▸ Problem to work on: Give again, word for word, each line of the data from the first through the one containing "The spread of". Pictures stay out.

▸ Records:
▼▼▼
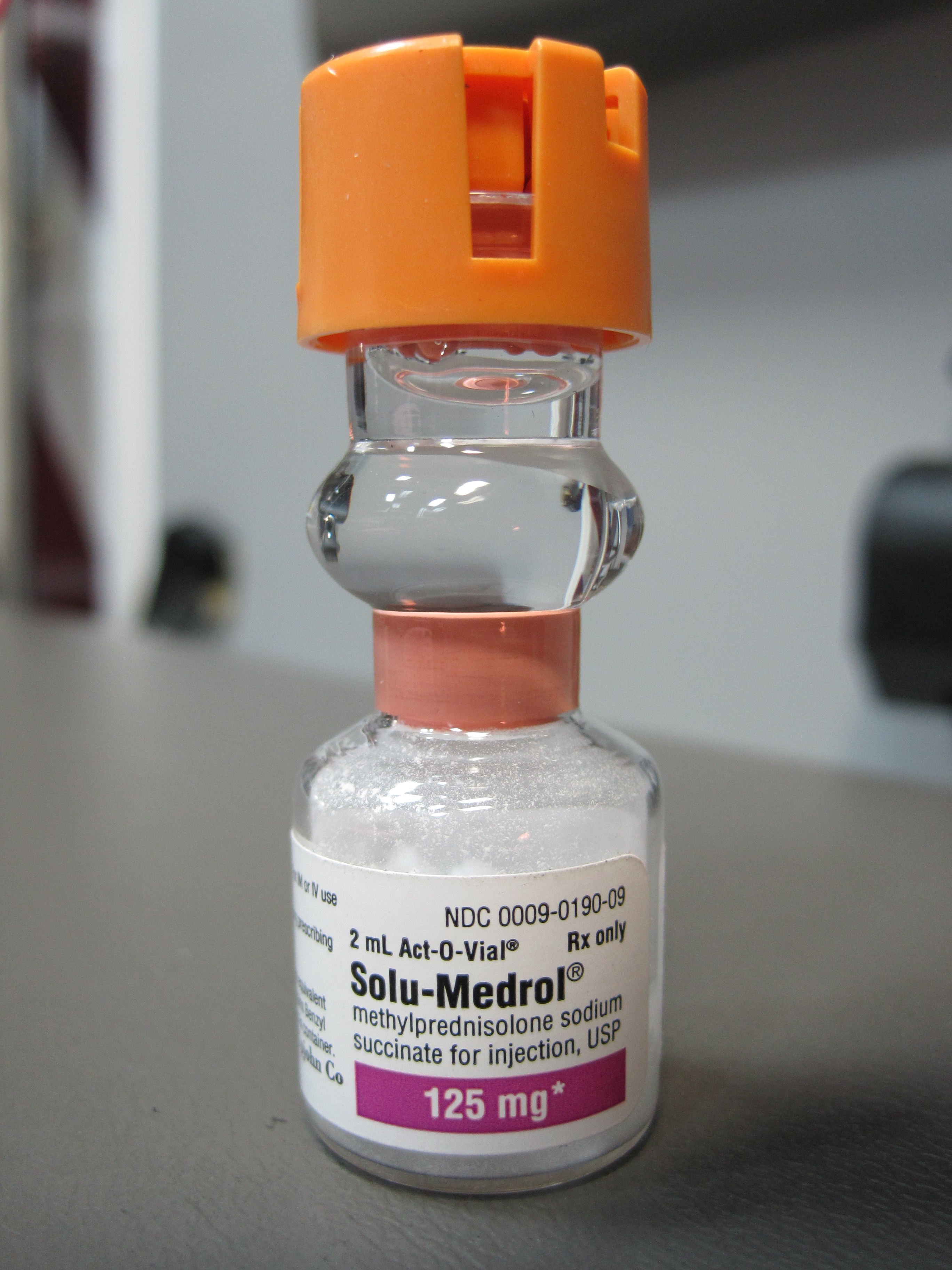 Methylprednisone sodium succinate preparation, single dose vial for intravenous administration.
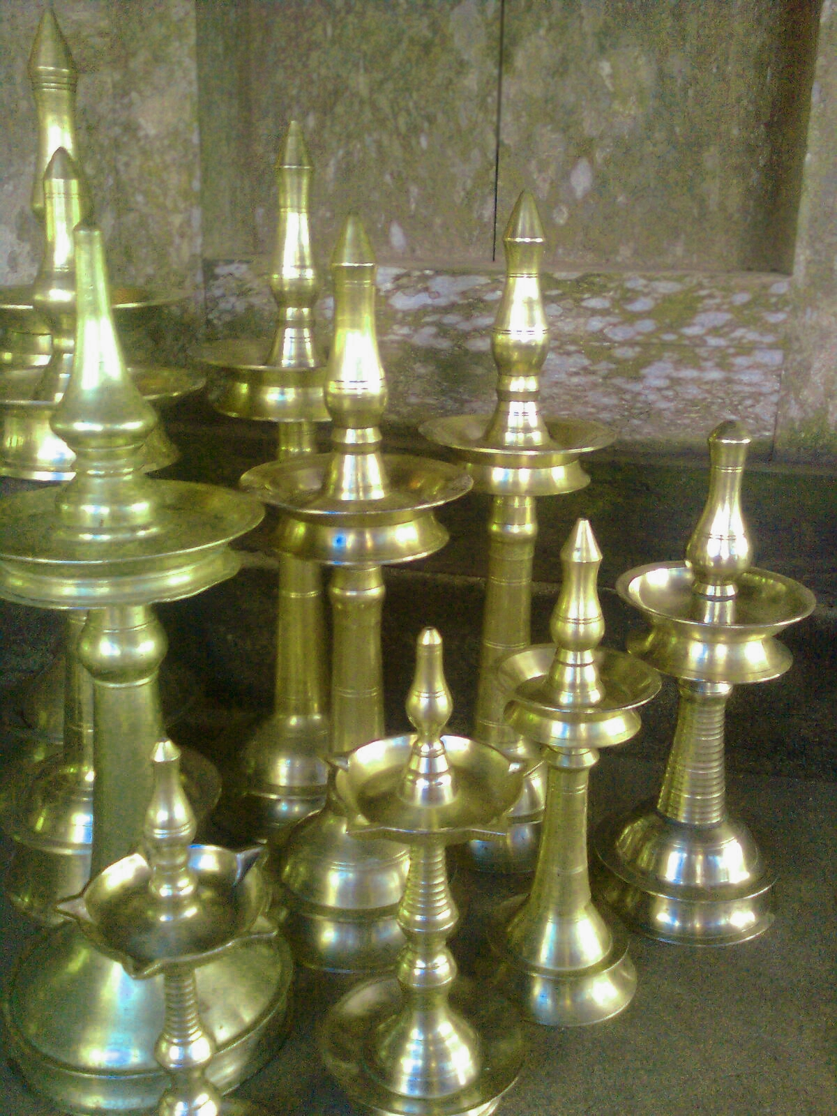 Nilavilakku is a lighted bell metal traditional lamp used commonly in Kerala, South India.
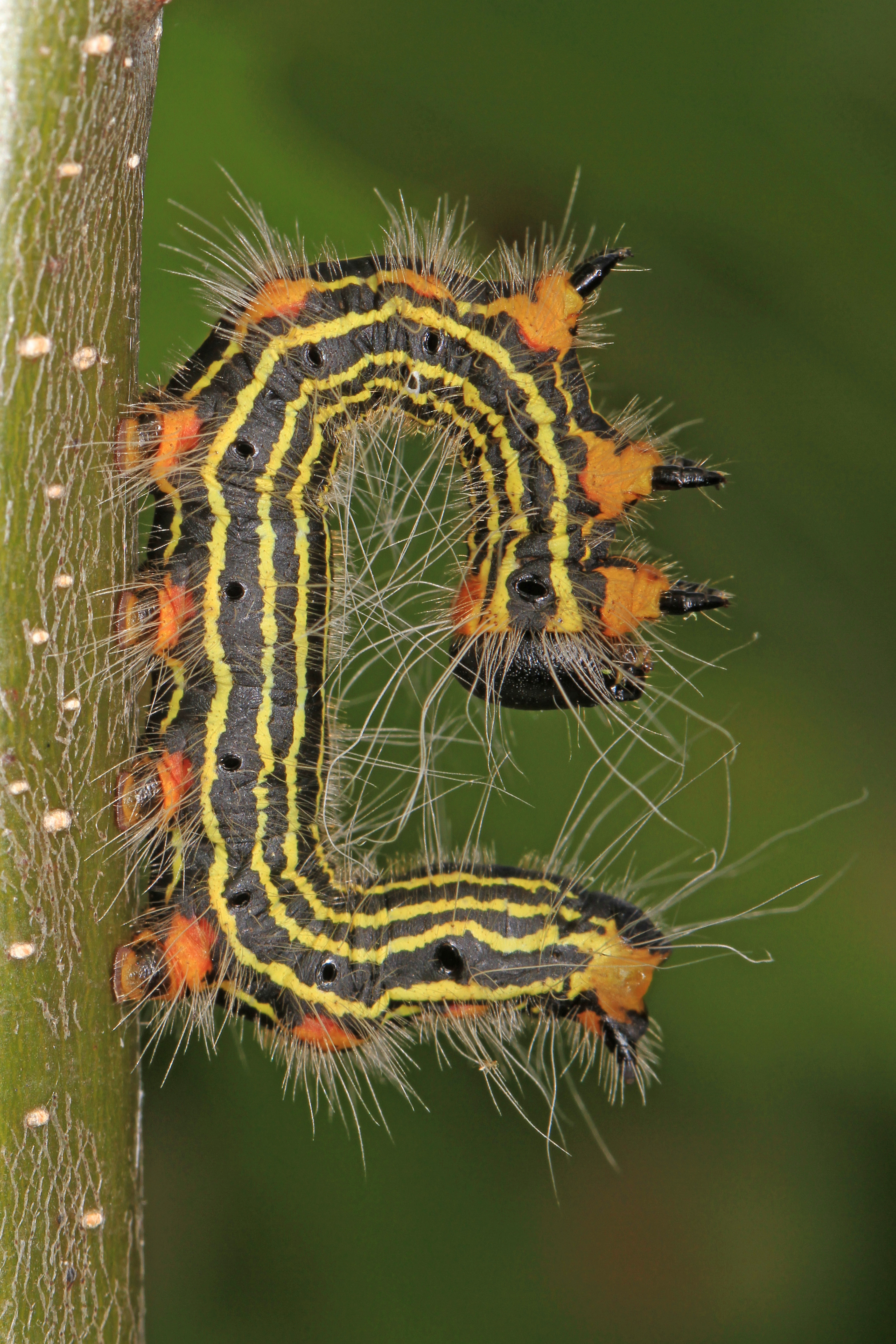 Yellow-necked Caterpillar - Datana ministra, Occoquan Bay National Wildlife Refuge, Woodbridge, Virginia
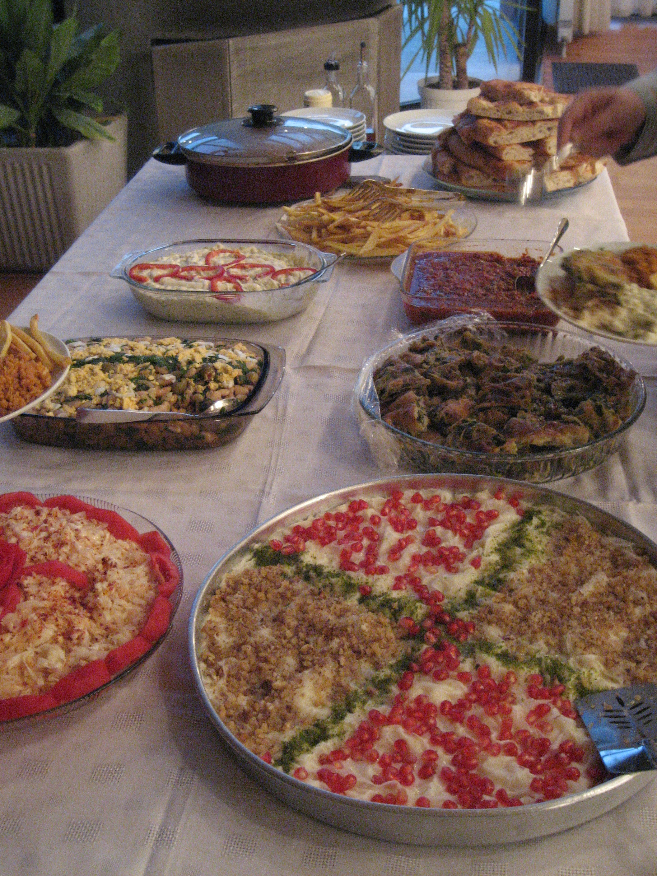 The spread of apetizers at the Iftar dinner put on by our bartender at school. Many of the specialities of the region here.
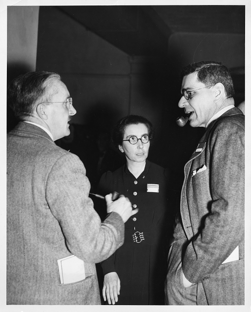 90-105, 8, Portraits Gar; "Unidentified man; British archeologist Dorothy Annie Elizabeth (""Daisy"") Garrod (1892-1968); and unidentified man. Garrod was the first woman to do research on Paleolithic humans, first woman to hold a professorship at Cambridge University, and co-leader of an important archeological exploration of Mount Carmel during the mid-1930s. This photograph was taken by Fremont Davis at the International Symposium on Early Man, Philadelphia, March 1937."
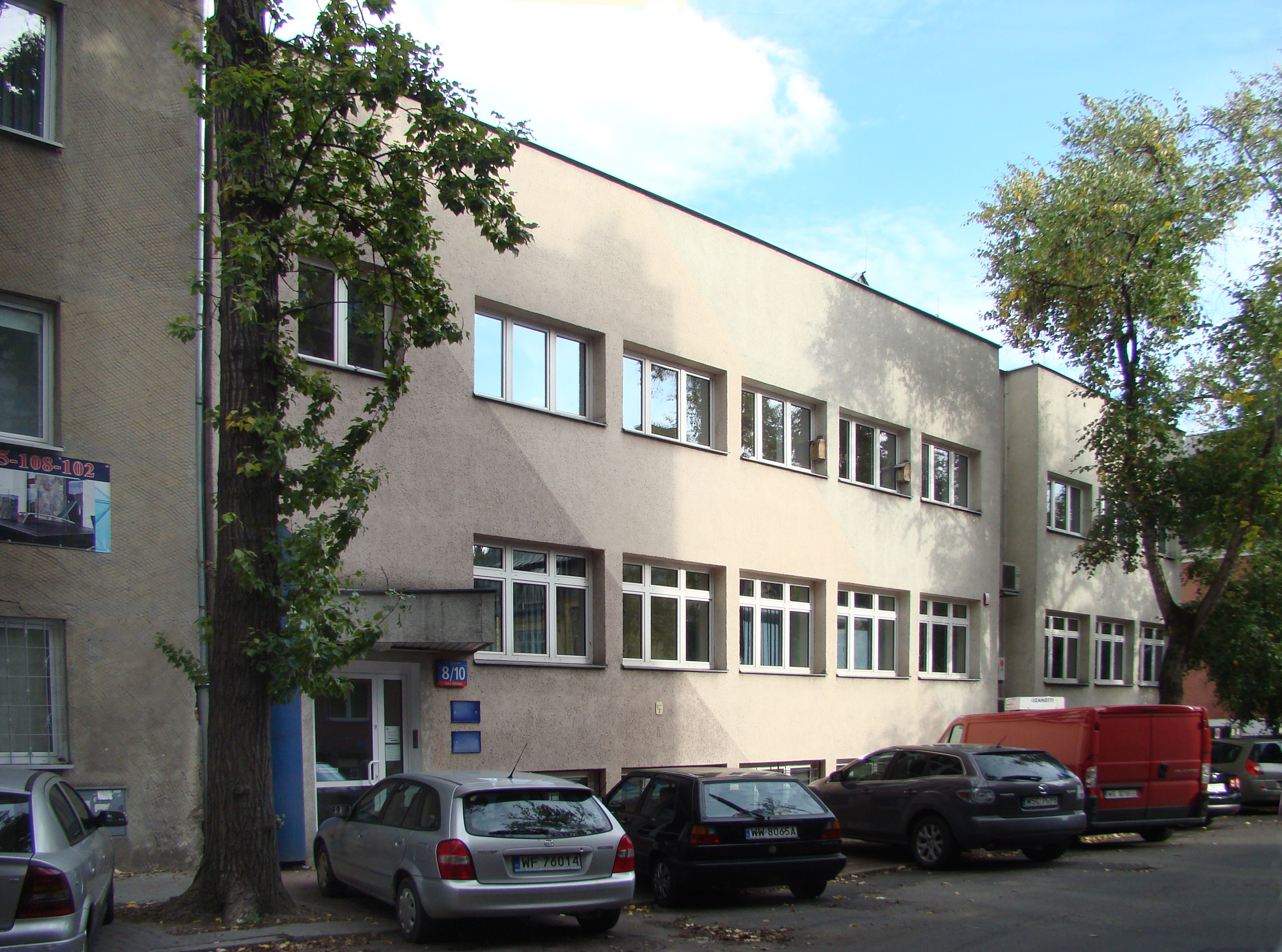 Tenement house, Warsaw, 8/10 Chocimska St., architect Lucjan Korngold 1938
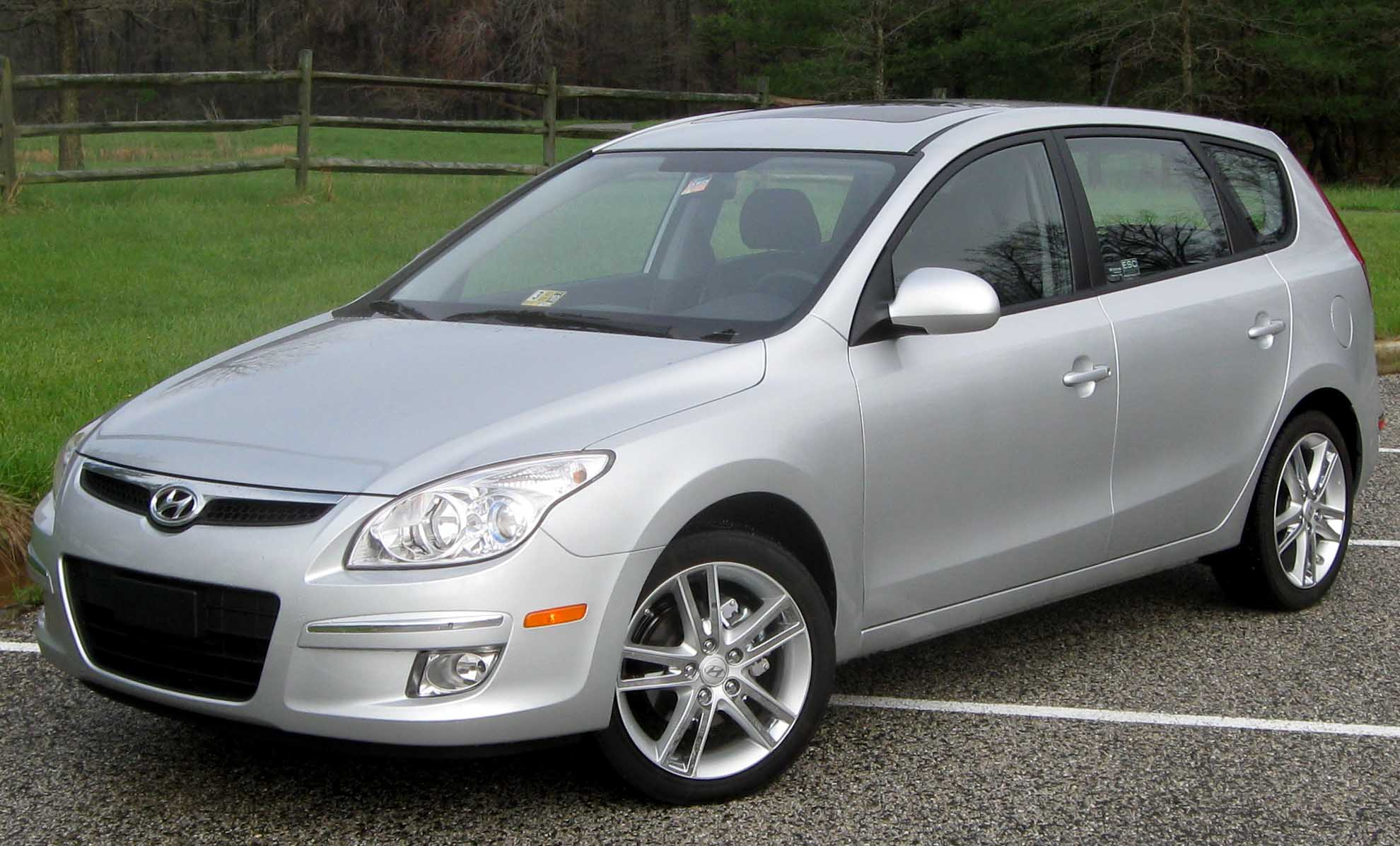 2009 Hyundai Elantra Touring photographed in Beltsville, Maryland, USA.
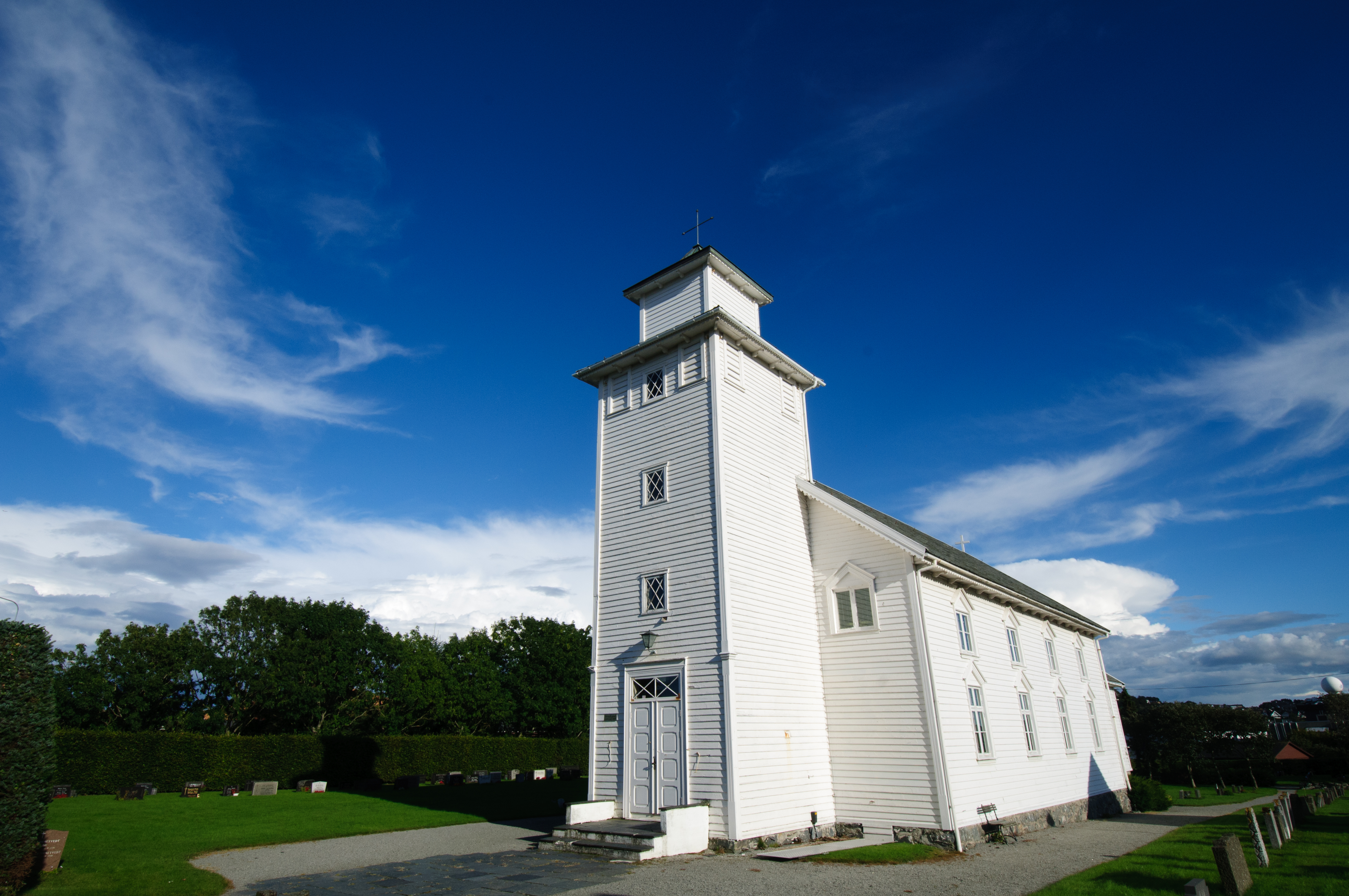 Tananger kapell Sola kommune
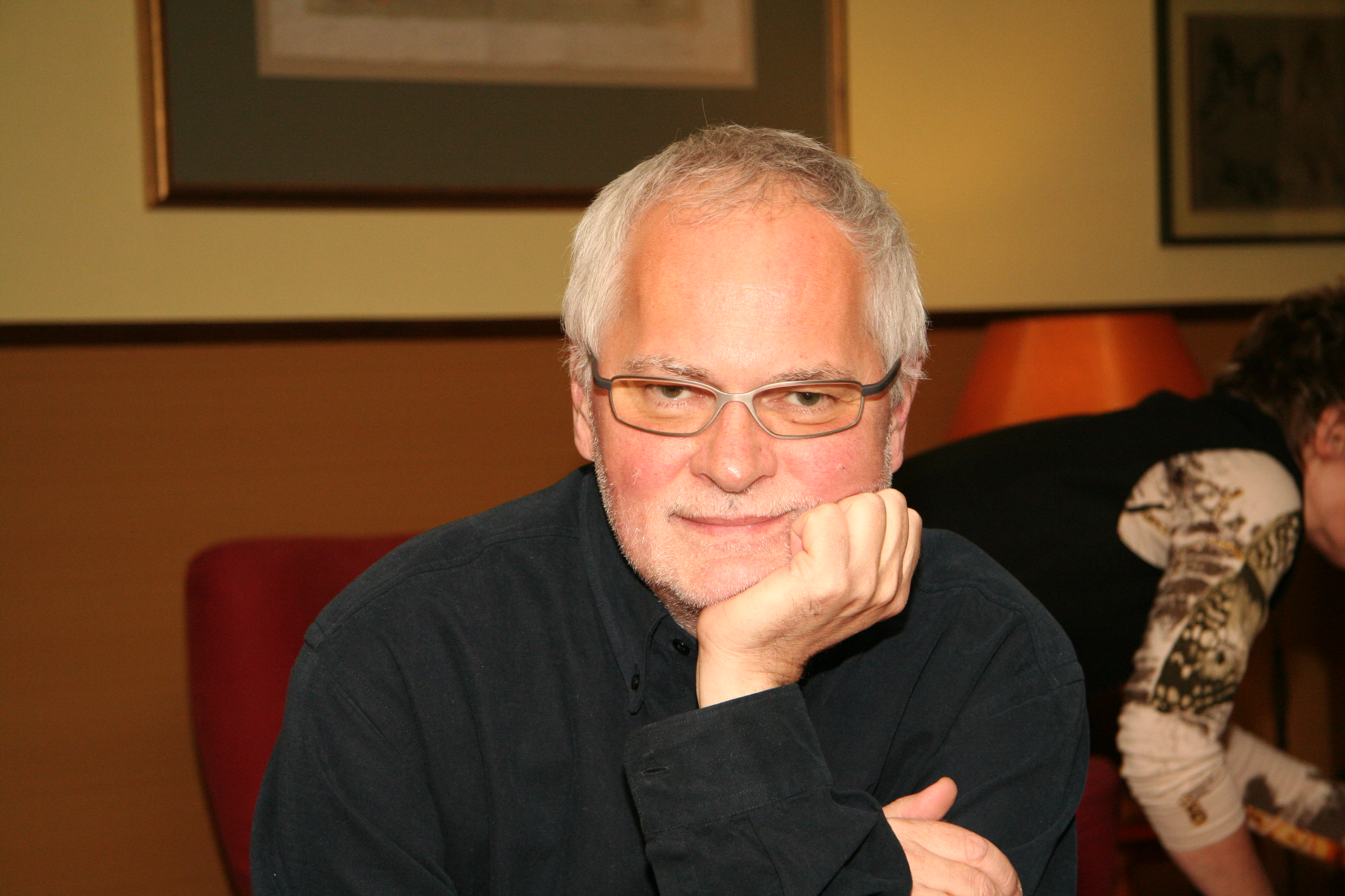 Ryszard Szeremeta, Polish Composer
▲▲▲
▸ Result of this task:
 Methylprednisone sodium succinate preparation, single dose vial for intravenous administration.
 Nilavilakku is a lighted bell metal traditional lamp used commonly in Kerala, South India.
 Yellow-necked Caterpillar - Datana ministra, Occoquan Bay National Wildlife Refuge, Woodbridge, Virginia
 The spread of apetizers at the Iftar dinner put on by our bartender at school. Many of the specialities of the region here.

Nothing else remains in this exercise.